There is, there has been for some time, this impending sense of urgency by businesses, large and small, to get a significant online presence. Dreamy photo-filled Insta accounts, cliched posts with overused inspirational LinkedIn messages and thousands of rands pissed down the drain on social media and Google ads that deliver zero Rands to the bottom line.
The problem is not the ads, nor the platform it’s probably not even the fault of the designers and content creators you employ.
Most businesses, once sold on the idea of spending money on advertising in the first place, will spend considerable time and effort on crafting the best ad campaign they can afford. In some cases large budgets will be handed over, albeit reluctantly to the ad agency or design team to get high-quality imagery and video, to tell the business’s story, to lay bare your “why”. (another terribly overused cliche- thanx Simon!)
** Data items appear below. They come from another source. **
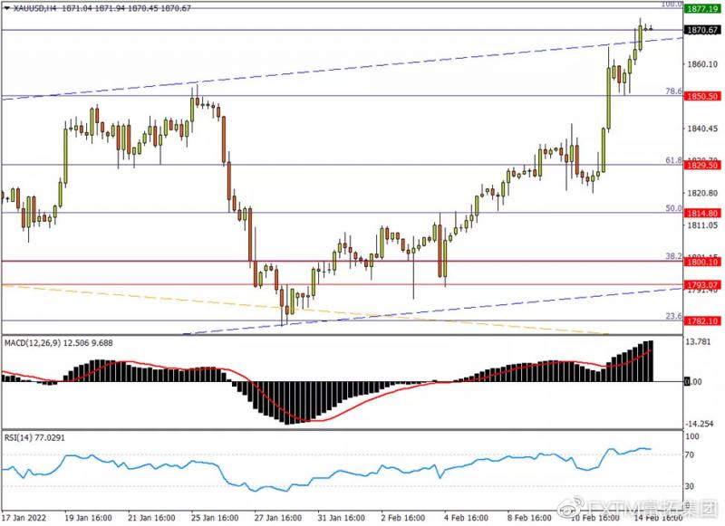 日线图看,持续受俄乌局势剑拔弩张的刺激,金价隔夜进一步拉升,在上穿去年12月15日及1月28日低点连线构筑上行通道上轨后,正直逼去年11月创下的7个月高点1877。受地缘政治事件外力刺激,市场上行步入加速段,若能摆脱原有上行通道的牵引并站上1877关键位,金价有望很快朝去年5月19日高点1890及1900整数位进发。指标方面,MACD在零轴上方形成金叉后加速向上,快慢线开口放大;RSI上行逼近超买区,反映近期快涨态势。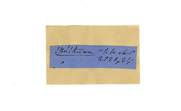 ink on blue paper glued on card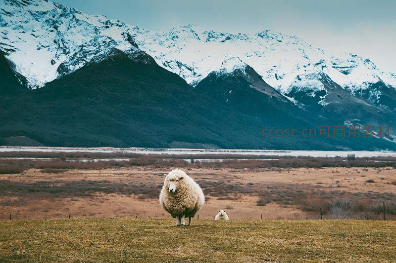 雪山脚下孤羊伫立,辽阔草原尽显苍茫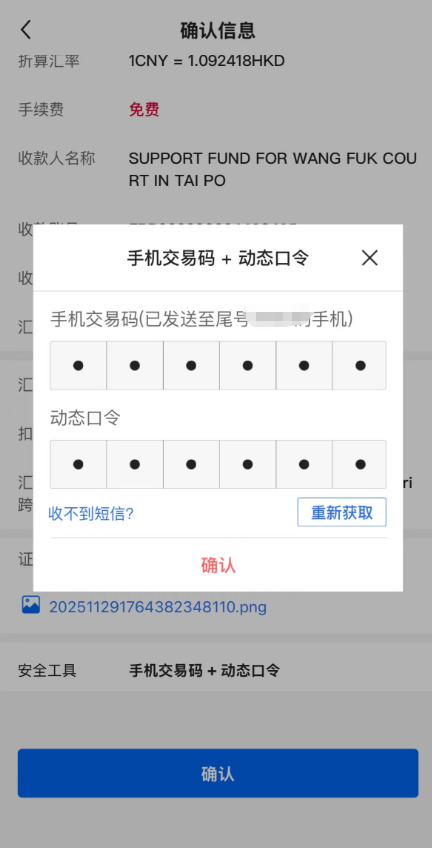 輸入手機交易碼和動態口令即可成功匯款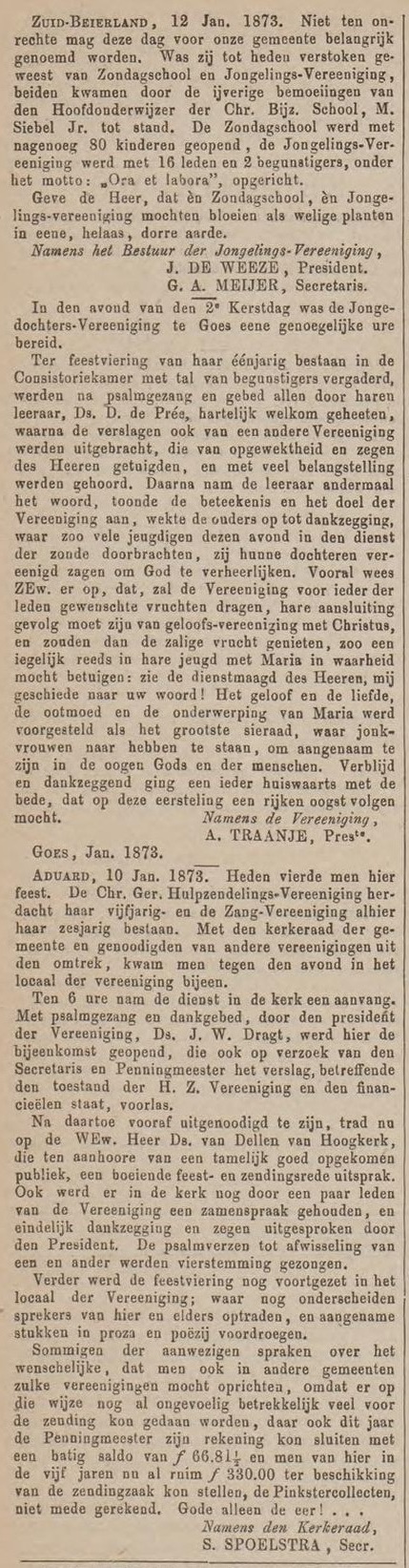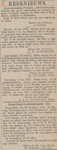 ( < Naar deel 69 – Back to Part 69 ) – De Bazuin was jarenlang het landelijke kerkblad dat ten voordele van de Theologische School te Kampen werd uitgegeven. Deze keer nemen we daaruit enkele berichten over uit de maand januari 1873, die betrekking hebben op plaatselijke Christelijke Gereformeerde Gemeenten.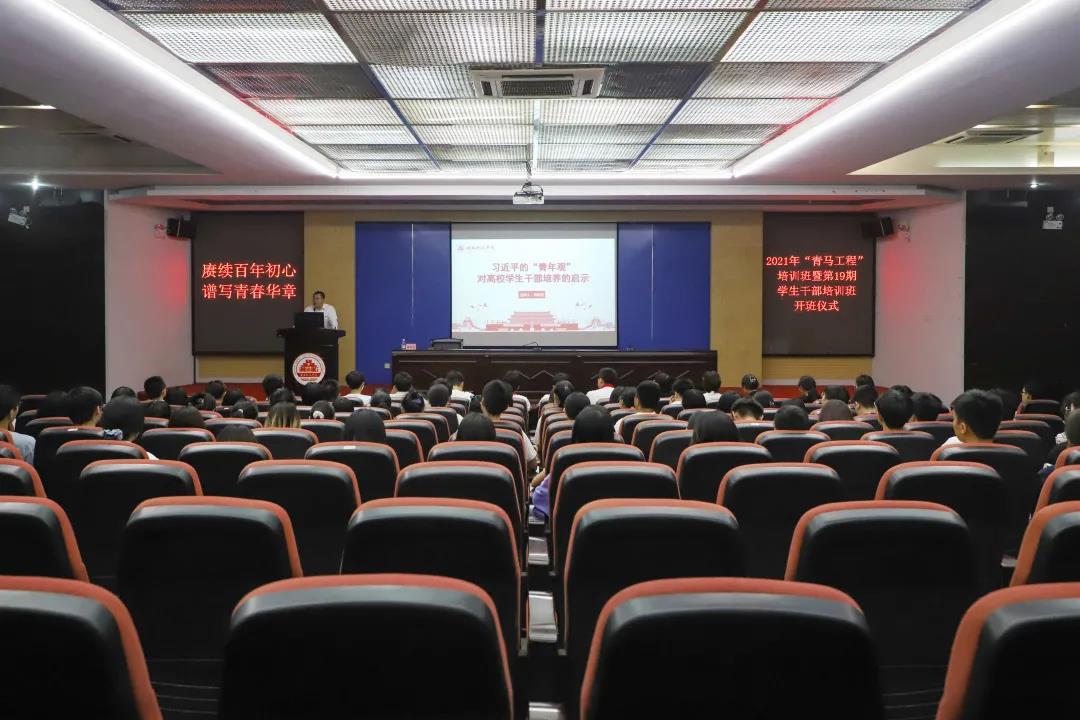 11月5日下午,开云手机入口2021年“青年马克思主义者培养工程”培训班暨第19期学生干部培训班开班仪式在图书馆学术报告厅举行。校党委副书记林树生,党委组织部、党委宣传部、校院团委负责人及培训班全体学员参加开班仪式。仪式由校团委书记曾荣根主持。

All this money invariably leads to interested potential customers engaging with the company, asking questions about the product or service or requesting pricing information. Exactly as scripted by the creative teams behind the campaign.
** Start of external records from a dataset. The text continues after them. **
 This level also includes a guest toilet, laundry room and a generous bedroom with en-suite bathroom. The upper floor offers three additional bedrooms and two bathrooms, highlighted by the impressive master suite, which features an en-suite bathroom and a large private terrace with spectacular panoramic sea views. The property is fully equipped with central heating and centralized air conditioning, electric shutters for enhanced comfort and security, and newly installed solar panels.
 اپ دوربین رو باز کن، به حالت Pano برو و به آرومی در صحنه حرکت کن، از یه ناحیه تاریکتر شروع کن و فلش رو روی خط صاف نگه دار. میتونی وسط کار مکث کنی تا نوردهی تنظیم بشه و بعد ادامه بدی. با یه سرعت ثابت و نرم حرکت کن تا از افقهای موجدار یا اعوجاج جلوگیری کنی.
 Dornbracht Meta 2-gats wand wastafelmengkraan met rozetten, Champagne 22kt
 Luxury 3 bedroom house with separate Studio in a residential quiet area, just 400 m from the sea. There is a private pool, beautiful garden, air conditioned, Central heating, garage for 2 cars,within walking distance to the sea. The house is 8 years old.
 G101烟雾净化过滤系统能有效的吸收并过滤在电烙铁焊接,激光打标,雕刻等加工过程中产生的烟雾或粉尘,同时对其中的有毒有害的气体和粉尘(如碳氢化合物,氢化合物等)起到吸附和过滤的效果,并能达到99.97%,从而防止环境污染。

And that is where it all comes crashing down.
This is where so many businesses go horribly wrong. Having spent a large sum on lead acquisitions, those leads are bludgeoned to death by untrained, unhelpful and down right useless internal sales teams who could not care less what that lead cost to acquire and certainly don’t appear to want to help the inquirer.
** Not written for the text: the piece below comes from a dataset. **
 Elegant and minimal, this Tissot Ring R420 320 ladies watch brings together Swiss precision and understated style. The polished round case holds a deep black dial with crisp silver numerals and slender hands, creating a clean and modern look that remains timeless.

It is truly astounding to see this happen repeatedly in both large and small businesses. The sales teams do not understand how to correctly guide a genuine sales lead from a simple enquiry to a completed sale. Leads are wasted and the prospect buys the same product or service from the competitor who took time to answer their questions satisfactorily.
“No sorry” should be banned from all sales team lists of potential responses to potential customers. Never, ever say “no..” or “we can’t..” unless of course, the lead was completely unrelated to the product or service offered.
By simply replacing a short negative response with an alternative you keep the communication open and get to find out more about the customer and what it is they actually need.
Instead of “sorry we don’t do that” try “We offer this option which is very similar to…” or instead of “sorry, we don’t have stock” try “Stock will be arriving on…can I send you the item when it arrives?” , Hopefully, by keeping communication lines open you will find out that you do have a viable solution that could suit their requirements.
Leads are expensive to acquire, don’t entrust them to a weak team!
"No sorry" should be banned from all sales team lists of potential responses.